**Work instruction**: Look through the records below for the line holding "In summer 2026, American". Write it out exactly, with each following line through the line holding "Interni accoglienti in".

**Dataset extract**:
═══

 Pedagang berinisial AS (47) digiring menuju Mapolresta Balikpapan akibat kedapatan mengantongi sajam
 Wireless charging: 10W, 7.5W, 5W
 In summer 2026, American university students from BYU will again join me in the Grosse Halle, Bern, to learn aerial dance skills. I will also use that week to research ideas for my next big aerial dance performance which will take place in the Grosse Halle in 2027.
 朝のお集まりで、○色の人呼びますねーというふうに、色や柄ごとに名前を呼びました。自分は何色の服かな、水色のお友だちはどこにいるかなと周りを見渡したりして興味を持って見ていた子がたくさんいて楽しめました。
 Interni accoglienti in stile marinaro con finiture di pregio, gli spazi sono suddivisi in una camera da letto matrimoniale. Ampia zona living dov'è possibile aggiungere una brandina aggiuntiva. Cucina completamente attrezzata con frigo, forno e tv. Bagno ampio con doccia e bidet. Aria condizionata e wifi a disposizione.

═══

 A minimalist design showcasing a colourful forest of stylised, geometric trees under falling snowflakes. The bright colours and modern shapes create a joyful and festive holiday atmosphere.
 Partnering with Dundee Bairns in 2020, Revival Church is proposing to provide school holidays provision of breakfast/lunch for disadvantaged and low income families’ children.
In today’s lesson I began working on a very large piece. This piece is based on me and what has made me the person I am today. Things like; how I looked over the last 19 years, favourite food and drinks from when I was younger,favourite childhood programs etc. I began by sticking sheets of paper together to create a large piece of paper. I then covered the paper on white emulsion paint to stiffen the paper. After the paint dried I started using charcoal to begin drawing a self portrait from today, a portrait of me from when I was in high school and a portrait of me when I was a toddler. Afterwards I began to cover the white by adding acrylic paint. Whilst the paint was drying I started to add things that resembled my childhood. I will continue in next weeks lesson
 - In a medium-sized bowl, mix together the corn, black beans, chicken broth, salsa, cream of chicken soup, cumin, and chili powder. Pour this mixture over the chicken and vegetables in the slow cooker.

═══

**Solution**:
 In summer 2026, American university students from BYU will again join me in the Grosse Halle, Bern, to learn aerial dance skills. I will also use that week to research ideas for my next big aerial dance performance which will take place in the Grosse Halle in 2027.
 朝のお集まりで、○色の人呼びますねーというふうに、色や柄ごとに名前を呼びました。自分は何色の服かな、水色のお友だちはどこにいるかなと周りを見渡したりして興味を持って見ていた子がたくさんいて楽しめました。
 Interni accoglienti in stile marinaro con finiture di pregio, gli spazi sono suddivisi in una camera da letto matrimoniale. Ampia zona living dov'è possibile aggiungere una brandina aggiuntiva. Cucina completamente attrezzata con frigo, forno e tv. Bagno ampio con doccia e bidet. Aria condizionata e wifi a disposizione.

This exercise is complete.